Her husband is not pictured in the photo. She is wearing a stylish hat and clutching a stuffed toy while holding her little girl. Her face betrays little emotion, but she said later that she was thinking about the uncertain future and fearing for her children.

She decided to heed her husband’s advice to calm down. “That’s all he said,” she recalled in the Kitsap Sun in 2011. “Trust the government. They won’t hurt us.”

She took the first train ride of her life, from Seattle to California’s Owens Valley, where the Manzanar camp was still under construction. Families were crammed into tight quarters with tar paper walls. There were no walls in the lavatories.

“It was so humiliating that some people would wait until late at night to use the latrines and surround themselves with cardboard boxes,” Hayashida recalled in her testimony.

Five months after arriving, she gave birth to her third child, Leonard.

Besides her daughter and son, Neal, she is survived by a sister, Midori Yamasaki, of Japan; five grandchildren and five great-grandchildren. Her husband died in 1983 and son, Leonard, in 2006.

She spent a year at Manzanar before voluntarily moving to the Minidoka internment camp in Idaho to be closer to relatives and friends from the Seattle area.

When she and her family returned to Bainbridge Island in 1945, they found the farm in poor shape. “We were lucky to have a home to come back to,” she told the International Examiner in 2009. After struggling for several years, they moved in 1951 to Seattle, where her husband had found steadier work as a machinist for Boeing and she worked part time for an import company while raising their children.

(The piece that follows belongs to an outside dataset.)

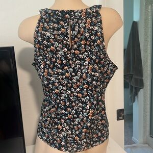 NWOT. Beautiful floral top with two button closure at neck. 95% polyester 5% spandex I cut outs in top that cannot be seen in photos.

The redress movement, which culminated in 1988 with President Ronald Reagan’s formal apology on behalf of the government (and later brought payments of $20,000 for each survivor of the camps) eventually drew her out of her quiet life.

When the Smithsonian decided to include the famous photograph in a 1993 show, “Strength and Diversity: Japanese American Women 1885-1990,” an artist involved in the exhibit decided to find out who the woman in the picture was.

“She was just a photograph. A lot of people didn’t realize she was still alive,” said Hiro, a visual and performance artist in Alexandria, Virginia, who goes by a single name. After a few phone calls, she found Hayashida in Seattle in 1993 and arranged a series of public appearances for her in conjunction with the Smithsonian show.

“She said, ‘I’m just an ordinary farmer’s daughter.’ She was very humble about the whole thing. But she was fearless,” Hiro said. “She didn’t hesitate to talk about the experiences she had.”

Hayashida lived independently until after she turned 100, in 2011. That year she attended the dedication of the Bainbridge Island Japanese American Exclusion Wall, a memorial built on the site of the ferry landing where she had made a sorrowful departure seven decades earlier.

That year she also returned to Manzanar for the first time.

“The first thing she said was it didn’t look anything like it did then. And she had some tears,” her daughter said. “She said, ‘I had three kids under five.’ That’s what she remembered.”